→ **EXERCISE DIRECTIONS**
For this task, output exactly the lines of the material below starting at the line with "بكر أبو زيد" and ending at the line with "据美国地质调查局统计(USG"; pictures are to be excluded.

→ **SOURCE DATA**
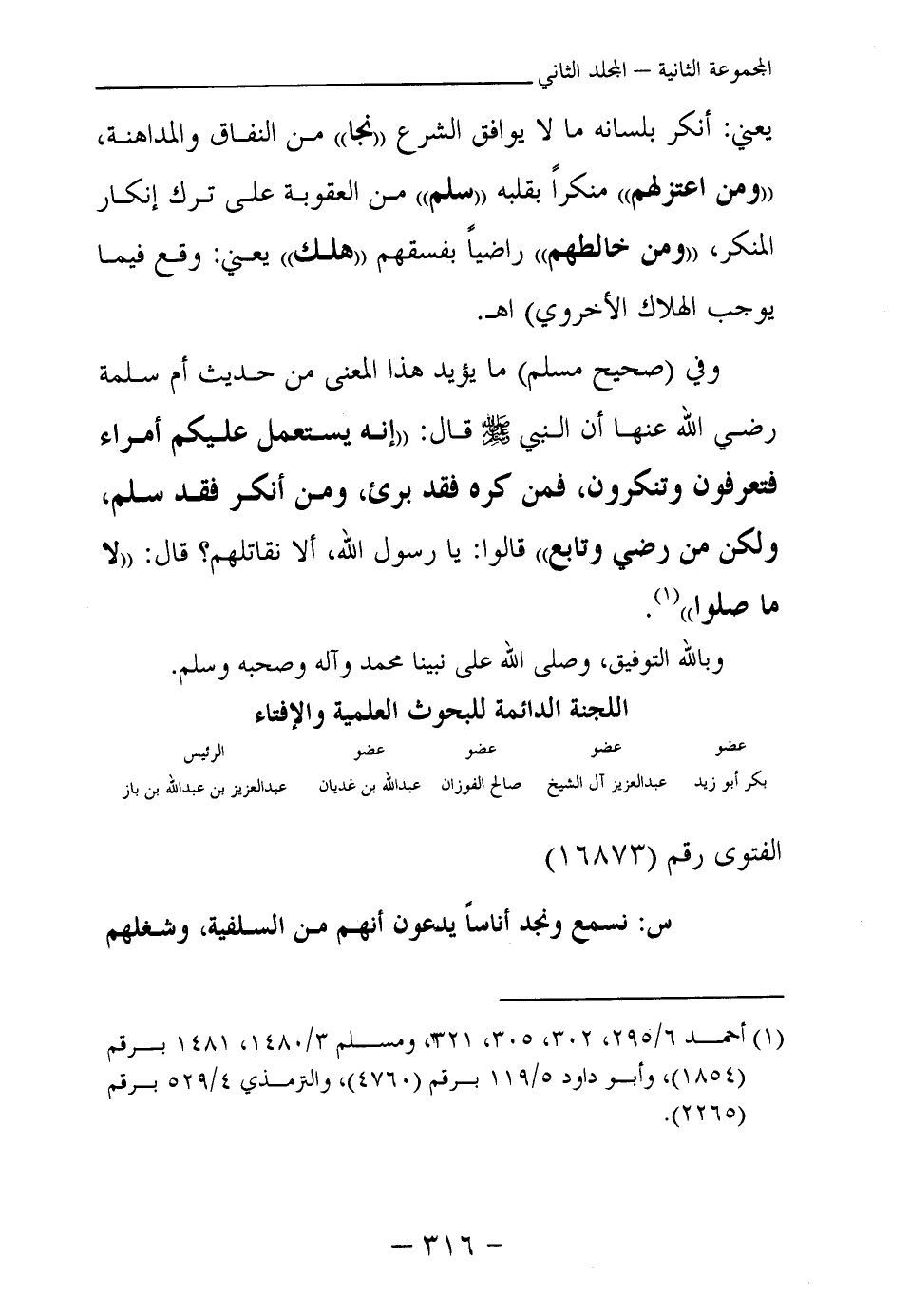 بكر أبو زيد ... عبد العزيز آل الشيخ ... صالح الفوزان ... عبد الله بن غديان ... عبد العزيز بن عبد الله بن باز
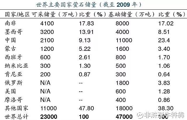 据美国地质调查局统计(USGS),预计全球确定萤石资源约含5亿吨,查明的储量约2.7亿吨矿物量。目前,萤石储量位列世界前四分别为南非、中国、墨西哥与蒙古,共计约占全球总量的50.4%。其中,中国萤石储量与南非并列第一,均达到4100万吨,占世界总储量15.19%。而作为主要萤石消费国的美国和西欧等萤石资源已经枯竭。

--

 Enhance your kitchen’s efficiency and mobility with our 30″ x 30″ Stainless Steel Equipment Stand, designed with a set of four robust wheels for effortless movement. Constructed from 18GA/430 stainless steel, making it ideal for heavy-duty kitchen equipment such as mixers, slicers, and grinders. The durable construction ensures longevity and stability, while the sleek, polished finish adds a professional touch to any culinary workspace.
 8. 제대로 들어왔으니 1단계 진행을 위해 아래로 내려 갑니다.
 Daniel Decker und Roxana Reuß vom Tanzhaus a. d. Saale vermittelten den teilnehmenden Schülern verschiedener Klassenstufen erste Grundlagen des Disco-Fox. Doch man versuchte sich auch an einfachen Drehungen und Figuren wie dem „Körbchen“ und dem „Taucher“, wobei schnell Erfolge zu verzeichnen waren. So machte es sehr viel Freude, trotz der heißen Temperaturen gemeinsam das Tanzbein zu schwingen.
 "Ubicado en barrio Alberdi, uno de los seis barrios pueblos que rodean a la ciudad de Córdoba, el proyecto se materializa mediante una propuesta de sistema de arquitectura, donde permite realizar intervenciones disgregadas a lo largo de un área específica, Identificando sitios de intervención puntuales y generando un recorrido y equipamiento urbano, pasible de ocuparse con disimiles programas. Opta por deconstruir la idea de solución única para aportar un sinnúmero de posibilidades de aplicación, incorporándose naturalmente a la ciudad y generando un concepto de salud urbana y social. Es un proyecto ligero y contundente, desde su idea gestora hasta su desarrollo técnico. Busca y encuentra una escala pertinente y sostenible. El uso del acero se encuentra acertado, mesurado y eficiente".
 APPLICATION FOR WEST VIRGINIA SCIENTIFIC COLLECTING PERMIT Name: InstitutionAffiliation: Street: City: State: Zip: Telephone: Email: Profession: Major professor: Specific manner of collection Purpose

→ **ANSWER TO THIS PROBLEM**
 بكر أبو زيد ... عبد العزيز آل الشيخ ... صالح الفوزان ... عبد الله بن غديان ... عبد العزيز بن عبد الله بن باز
 据美国地质调查局统计(USGS),预计全球确定萤石资源约含5亿吨,查明的储量约2.7亿吨矿物量。目前,萤石储量位列世界前四分别为南非、中国、墨西哥与蒙古,共计约占全球总量的50.4%。其中,中国萤石储量与南非并列第一,均达到4100万吨,占世界总储量15.19%。而作为主要萤石消费国的美国和西欧等萤石资源已经枯竭。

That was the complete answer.